Война к концу 1942 года уже была позиционная. Фронт двигался медленно. Командованию была очень важна информация о планах противника.  Наша миномётная рота была придана к пехотному полку. Получилось так, что группа полковой разведки из разведвзвода, отправившись в поиск, попала в засаду и была почти полностью уничтожена. А нужен срочно «язык». Собрали сборную команду.  Пришлось в разведку со старшиной разведчиков идти мне и еще четверым бойцам. Ночью подползли к нейтральной земле, колючку перекусили и вскоре оказались  у их линии окопов. Снегу тогда немного было. Старшина снял часового. Мы заняли позицию возле их туалета. Немцы всегда себе отхожее место оборудовали. На  нашу удачу, из землянки вышел офицер и направился туда. Его мы и взяли. Когда стали с пленным уходить, видно кто-то наткнулся на убитого часового. Началась стрельба. Немцы ракеты пускают. Наши минометчики по их позициям огонь ведут, надеясь, что мы уже на нейтральной полосе. В общем,  туда мы час шли, обратно четыре. Наш один боец был убит. Остальные все ранены и немец, но живой, говорить смог. Мне тоже руку зацепило. А немец тот ценные сведения дал. За эту вылазку мне первую медаль «За отвагу» дали.

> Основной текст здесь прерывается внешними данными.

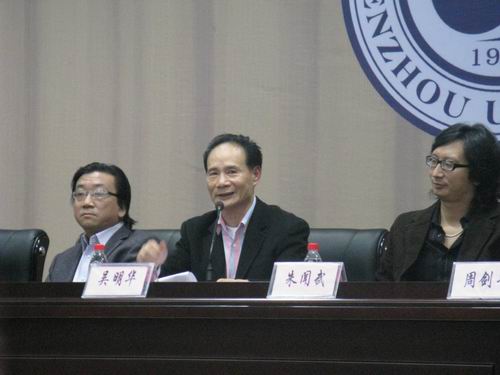 下午2点30分,颁奖仪式正式开始。在介绍了到场嘉宾之后,“白晖华”文学奖赞助人、著名作家企业家吴明华先生应邀发表讲话。吴先生通过自己的亲身经历,向同学们讲述了他对写作的体会感受和宝贵经验,鼓励同学们要怀有创作热情、坚持不懈,同时要增加阅历,以丰富作品内涵。吴先生的讲话诚恳真挚,令在场的同学们深受触动。接着,丁治民院长简单地向同学们介绍了本届“白晖华”文学奖的一些基本情况。之后,“白晖华”文学奖评委、400全讯白菜网崔勇老师对部分获奖者和获奖作品做了精妙的点评。最后,周剑平书记隆重宣布了获奖名单。在同学们热烈的掌声中,三十一名获奖者上台领奖,一等奖获奖者陈铭同学发表了获奖感言,他在畅谈写作心路的同时也对大赛组委会表示深深的感谢。

Рассказ третий. Geschenk f;r einen Soldaten.
Дело было под новый год. В обороне мы были уже неделю. 6-я армия Паулюса была окружена и кольцо наших войск неуклонно сжималось. С кормежкой у нас было туго. Есть хотелось всё время. Так у нас хоть и под обстрелом, но тылы работали. Съестные припасы всё-таки подвозили. Немцам было хуже. После того как замкнули кольцо, они были лишены подвоза продовольствия. Боеприпасов у них всё еще было вдоволь, поэтому оборонялись они бешено. Снабжение армии Паулюса возложили на Люфтваффе. Геринг пообещал Гитлеру, что немецкие солдаты под Сталинградом,  несмотря на окружение ни в чём не будут нуждаться. Но легче было пообещать, чем выполнить. Мешали и наши истребители, которые летали над городом всё чаще и видно сказывался недостаток самолетов, способных сбрасывать значительный вес грузов. Не будешь же штурмовики гонять для этой цели. Так или иначе. А грузы они сбрасывали теперь всё больше по ночам. Но ведь ночью можно и промахнуться. Как-то  утром боец якут, Микитэ Омогоев, ездовым у нас был, ночью в карауле стоял. Утром его только сменили, он ко мне:
- Командир, дозволь в отлучку сходить.
- Ты что? В трибунал захотел? Про Приказ 227 забыл?
- Не забыл я ничего.  Ночью бомбер немецкий низко летал. Мешки на парашютах кидал. В свет прожекторов попал. Наши зенитки в него стрелял. Он дымить начал, развернулся и улетал, а последний мешок на парашюте ветром несло, он не так далеко от нас упал. Мало-мало километра полтора всего будет, недалеко от хутора, в котором никто не живет. Нам  туда пятнадцать минут и минут двадцать обратно с учетом груза.      Только двух бойцов дай, чтоб на лыжах хорошо ходили.
-Ты знаешь, что если ты не вернёшься, то мне трибунал будет. А там или к стенке или штрафбат. Вдруг там засада.
- Нет засада. Я в прицел смотрел. Тихо. Парашют за дерево зацепился. Пока не расцвело, пока никто не видит, мы в маскхалатах за час обернемся точно. А если заградотряд?
- Так они сзади стоят.
- Ну, чёрт с вами, одна нога здесь другая там.
Через час Омогоев, которого все звали в роте Митька и еще два бойца притащили свою добычу. Это был новогодний подарок из Германии. Мешок был весом килограммов на пятьдесят. Но порадовал он моих советских бойцов, а не немцев. Было там и сало, и шоколад, и шнапс, и сигареты, и галеты. А еще был отдельный пакет с надписью «Geschenk f;r einen Soldaten» (подарок солдату). В нём были шерстяные вязаные носки и перчатки. Еще была приложена открытка с новогодней ёлкой, фотография молодой женщины с подписью Эмма из Штутгарта, дальше адрес. На следующий вечер мы почти всё это и употребили, отметив Новый 1943 год, по фронтовым понятиям, по высшему разряду. Уже первого января я стоял в особом отделе полка и давал объяснения по поводу случившегося. Начальник отдела был взбешен, что добыча досталась нам, а не особистам. У моих бойцов провели досмотр вещей и забрали, всё, что осталось от ночного пиршества. Носки и перчатки тоже пришлось отдать. Я отделался выговором и обещанием за подобное художество в следующий раз отправиться в штрафную роту.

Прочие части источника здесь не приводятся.